(What you should do)
Which of the lines below hold the word "both"? Pull each of them out.

(Input)

————————

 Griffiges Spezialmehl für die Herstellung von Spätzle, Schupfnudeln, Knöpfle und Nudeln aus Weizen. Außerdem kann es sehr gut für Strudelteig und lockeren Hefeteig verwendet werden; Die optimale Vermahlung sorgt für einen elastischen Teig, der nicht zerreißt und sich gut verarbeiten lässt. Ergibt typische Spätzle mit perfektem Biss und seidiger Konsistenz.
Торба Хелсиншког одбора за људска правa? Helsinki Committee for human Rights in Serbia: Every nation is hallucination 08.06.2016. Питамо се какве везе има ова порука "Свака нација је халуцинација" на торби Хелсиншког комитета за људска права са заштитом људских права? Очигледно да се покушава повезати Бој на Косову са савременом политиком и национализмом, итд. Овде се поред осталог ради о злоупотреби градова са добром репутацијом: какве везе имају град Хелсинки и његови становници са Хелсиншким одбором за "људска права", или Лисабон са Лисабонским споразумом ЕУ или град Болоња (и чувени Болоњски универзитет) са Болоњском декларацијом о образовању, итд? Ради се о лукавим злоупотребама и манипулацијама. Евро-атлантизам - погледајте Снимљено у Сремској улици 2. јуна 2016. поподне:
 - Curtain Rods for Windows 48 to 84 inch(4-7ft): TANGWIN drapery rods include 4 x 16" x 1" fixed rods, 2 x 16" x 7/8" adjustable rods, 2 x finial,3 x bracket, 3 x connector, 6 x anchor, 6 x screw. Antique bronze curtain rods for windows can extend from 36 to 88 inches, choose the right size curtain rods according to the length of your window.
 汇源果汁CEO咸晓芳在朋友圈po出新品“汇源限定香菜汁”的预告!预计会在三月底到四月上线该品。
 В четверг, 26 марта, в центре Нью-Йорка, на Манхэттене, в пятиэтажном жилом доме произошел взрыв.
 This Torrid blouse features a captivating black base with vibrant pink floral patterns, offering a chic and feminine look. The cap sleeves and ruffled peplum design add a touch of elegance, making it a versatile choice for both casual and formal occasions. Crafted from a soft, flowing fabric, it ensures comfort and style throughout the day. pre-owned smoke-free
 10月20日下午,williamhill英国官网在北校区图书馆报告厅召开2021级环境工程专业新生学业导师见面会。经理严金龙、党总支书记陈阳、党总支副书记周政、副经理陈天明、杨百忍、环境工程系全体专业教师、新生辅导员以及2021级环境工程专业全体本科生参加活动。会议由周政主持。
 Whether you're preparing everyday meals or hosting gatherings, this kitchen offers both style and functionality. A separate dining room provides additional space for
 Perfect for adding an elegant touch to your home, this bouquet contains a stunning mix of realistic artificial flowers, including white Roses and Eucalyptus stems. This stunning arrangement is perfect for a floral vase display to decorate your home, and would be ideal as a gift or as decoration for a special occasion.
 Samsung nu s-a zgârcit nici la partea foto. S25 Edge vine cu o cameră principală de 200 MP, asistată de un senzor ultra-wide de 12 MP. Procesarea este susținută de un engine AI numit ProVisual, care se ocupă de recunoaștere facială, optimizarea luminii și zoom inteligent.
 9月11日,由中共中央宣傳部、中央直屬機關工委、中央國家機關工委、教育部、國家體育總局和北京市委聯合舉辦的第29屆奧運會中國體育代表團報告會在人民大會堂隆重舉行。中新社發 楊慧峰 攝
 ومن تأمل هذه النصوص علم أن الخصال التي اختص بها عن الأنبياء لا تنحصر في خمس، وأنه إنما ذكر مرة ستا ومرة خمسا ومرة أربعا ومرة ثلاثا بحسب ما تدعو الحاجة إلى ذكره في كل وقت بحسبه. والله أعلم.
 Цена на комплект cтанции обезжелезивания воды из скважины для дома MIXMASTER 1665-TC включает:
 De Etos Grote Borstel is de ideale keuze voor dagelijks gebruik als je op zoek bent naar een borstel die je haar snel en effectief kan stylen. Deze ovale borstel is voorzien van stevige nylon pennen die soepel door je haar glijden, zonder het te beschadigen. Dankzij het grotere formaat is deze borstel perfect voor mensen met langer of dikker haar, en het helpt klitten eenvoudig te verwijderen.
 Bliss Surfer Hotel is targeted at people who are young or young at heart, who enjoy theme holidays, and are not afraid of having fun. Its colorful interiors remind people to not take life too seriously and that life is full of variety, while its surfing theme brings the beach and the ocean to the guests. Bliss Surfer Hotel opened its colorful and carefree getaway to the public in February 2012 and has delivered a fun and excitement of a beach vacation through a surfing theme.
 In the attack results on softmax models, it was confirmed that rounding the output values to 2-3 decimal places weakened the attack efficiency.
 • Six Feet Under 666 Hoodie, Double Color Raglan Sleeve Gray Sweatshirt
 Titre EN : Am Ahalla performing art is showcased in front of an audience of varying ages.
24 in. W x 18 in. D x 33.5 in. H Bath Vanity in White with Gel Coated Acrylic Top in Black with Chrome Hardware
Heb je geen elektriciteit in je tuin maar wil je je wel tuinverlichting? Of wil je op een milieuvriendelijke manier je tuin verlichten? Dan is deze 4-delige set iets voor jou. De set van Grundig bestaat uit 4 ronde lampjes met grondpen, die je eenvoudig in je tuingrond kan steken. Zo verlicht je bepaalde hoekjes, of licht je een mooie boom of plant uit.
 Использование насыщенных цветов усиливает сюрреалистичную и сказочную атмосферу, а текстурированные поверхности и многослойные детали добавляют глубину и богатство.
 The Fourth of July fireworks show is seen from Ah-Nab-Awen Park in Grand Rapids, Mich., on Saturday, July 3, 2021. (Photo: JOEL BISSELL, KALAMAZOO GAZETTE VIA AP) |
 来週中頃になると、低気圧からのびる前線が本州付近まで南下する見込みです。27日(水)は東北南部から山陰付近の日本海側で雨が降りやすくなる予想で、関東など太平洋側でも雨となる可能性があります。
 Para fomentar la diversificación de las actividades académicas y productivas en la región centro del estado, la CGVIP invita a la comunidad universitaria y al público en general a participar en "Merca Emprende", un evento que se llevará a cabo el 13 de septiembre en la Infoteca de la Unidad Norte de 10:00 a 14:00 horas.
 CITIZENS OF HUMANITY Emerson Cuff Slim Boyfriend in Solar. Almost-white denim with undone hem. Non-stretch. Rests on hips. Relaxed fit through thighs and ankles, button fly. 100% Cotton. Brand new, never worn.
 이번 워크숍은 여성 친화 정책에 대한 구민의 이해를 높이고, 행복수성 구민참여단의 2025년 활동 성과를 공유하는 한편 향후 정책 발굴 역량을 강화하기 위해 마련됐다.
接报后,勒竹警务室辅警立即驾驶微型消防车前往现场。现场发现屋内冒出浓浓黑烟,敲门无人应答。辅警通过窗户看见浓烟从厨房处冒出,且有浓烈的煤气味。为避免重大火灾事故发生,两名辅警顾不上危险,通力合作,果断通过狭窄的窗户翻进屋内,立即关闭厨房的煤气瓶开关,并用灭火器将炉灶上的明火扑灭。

————————

(Exercise solution)
 This Torrid blouse features a captivating black base with vibrant pink floral patterns, offering a chic and feminine look. The cap sleeves and ruffled peplum design add a touch of elegance, making it a versatile choice for both casual and formal occasions. Crafted from a soft, flowing fabric, it ensures comfort and style throughout the day. pre-owned smoke-free
 Whether you're preparing everyday meals or hosting gatherings, this kitchen offers both style and functionality. A separate dining room provides additional space for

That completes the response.